--- TASK OBJECTIVE ---
Pictures aside, repeat the listing below exactly.

--- DATA EXCERPT ---

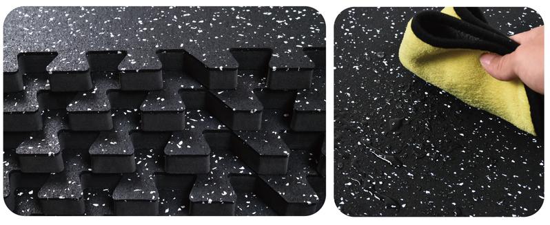 • [Effortless to Maintain]: Crafted from High-Density EVA Foam, these tiles minimize noise and vibration, allowing quiet and comfortable workouts. The waterproof feature makes cleaning a breeze with a damp cloth. Ideal for yoga, benches, workouts, treadmills, crossfit, kettlebells, cardio, and more.
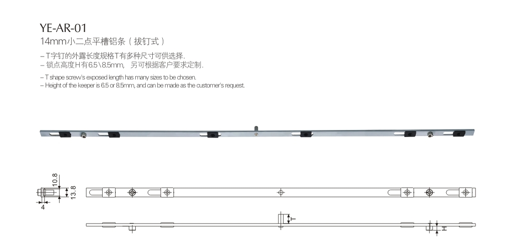 14mm小二點(diǎn)平槽鋁條(拔釘式)
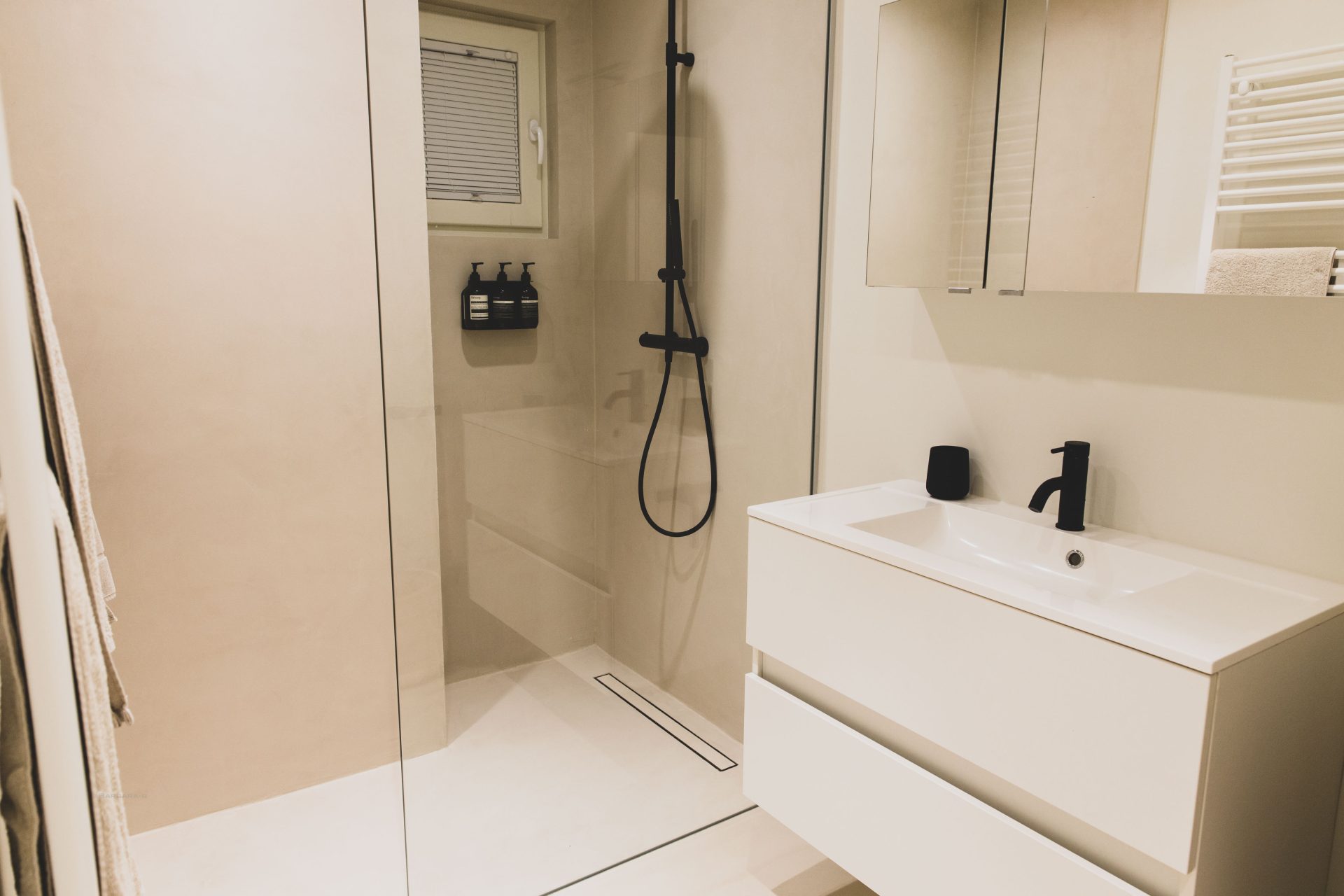 Notez la belle finition des salles de douche : revêtement de sol et habillage mural sans joint, vitrage posé dans un rail invisible, robinetterie noire pour mettre en valeur la beauté naturelle du Socrete.

--- RESPONSE FOR THIS EXERCISE ---
 • [Effortless to Maintain]: Crafted from High-Density EVA Foam, these tiles minimize noise and vibration, allowing quiet and comfortable workouts. The waterproof feature makes cleaning a breeze with a damp cloth. Ideal for yoga, benches, workouts, treadmills, crossfit, kettlebells, cardio, and more.
 14mm小二點(diǎn)平槽鋁條(拔釘式)
 Notez la belle finition des salles de douche : revêtement de sol et habillage mural sans joint, vitrage posé dans un rail invisible, robinetterie noire pour mettre en valeur la beauté naturelle du Socrete.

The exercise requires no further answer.